Contracts for the S&P 500 rose 0.5% and those for the Nasdaq 100 rose 1% after the underlying indices fell on Thursday. Shares of Apple rose in late trading after the company beat revenue expectations and issued a bullish holiday forecast. Amazon rose 13% in extended trading after reporting its fastest cloud unit growth in nearly three years. Asian shares rose at the open with a 1% gain in the Nikkei index.
Aftermarket gains at Apple and Amazon offered investors a brief reprieve from a tough session for mega-cap techs, as doubts mounted over whether the massive AI spending will deliver returns. Meta Platforms Inc.’s 11% decline after $30 billion in bond sales weighed on U.S. benchmarks, halting a rally that has added $17 trillion in market value since April.
“None of this means that the AI bubble will burst and that we are on the cusp of a major stock market reversal,” says Matt Maley of Miller Tabak. “However, it does increase the chance that we will see a decline in the short term.”

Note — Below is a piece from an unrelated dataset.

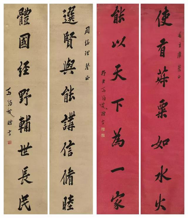 作为近代儒学第一人,马一浮先生在学术、书法、诗歌等多个方面都能独树一帜,而其存世的书法,也都是值得珍视的艺术品。他的书法有别于仅以书法名世者,取精用宏,不囿一家,不据一体,蔚为大家也。这两幅对联不仅书法精美,又极具用心,其承载的历史意义更是非凡而重大。

Elsewhere, government bond yields held steady after rising across the curve. A gauge of the dollar fell after two straight days of progress.
Gold held on to gains to trade above the $4,000 per ounce level again. The yen rose after inflation accelerated in Tokyo. The moves came after a sell-off in several mega-caps dragged U.S. stocks lower on Thursday. Microsoft Corp. fell with disappointing results, while Nvidia Corp. fell when President Donald Trump said he had not spoken to Xi Jinping about approving sales of Blackwell chips to China. The biggest tech companies are betting on an AI future powered by massive data centers filled with whirring servers. As the staggering costs of this push come into clearer focus, Wall Street’s nerves are being tested.
“The only conclusion investors can draw from big tech wins is evidence of which company can stay in the AI race the longest,” says David Trainer of New Constructs. “None of these companies can sustain this massive spending on AI forever, and so those who find a way to benefit first and most from AI will be the winners.”
The selling of U.S. Treasuries reflected Fed Chairman Jerome Powell’s warning that investors should temper expectations for a rate cut in December as U.S. policymakers grapple with the prospects for employment and inflation.
Fed officials voted 10-2 on Wednesday to cut the target range for the federal funds rate by a quarter of a percentage point. It was the second direct rate cut, but for the first time in six years there were disagreements in both directions, with one official advocating a larger cut and the other favoring keeping rates on hold.
The decision was aggressive “because moderates are pushing back,” said Andrew Brenner of NatAlliance Securities. If the Fed fails to cut again in December, investors should “expect fewer cuts next year” as “the bar for employment is raised,” he said.
On the trade front, Treasury Secretary Scott Bessent said he sees the US back at the negotiating table with China in a year. That came after Trump and Xi agreed at a historic summit Thursday to extend a truce, roll back export controls and reduce other trade barriers.
“The long-awaited US-China trade deal showed that both sides are willing to move on from recent escalations, but unwilling to retreat from longer-term competition,” said Paul Christopher of the Wells Fargo Investment Institute.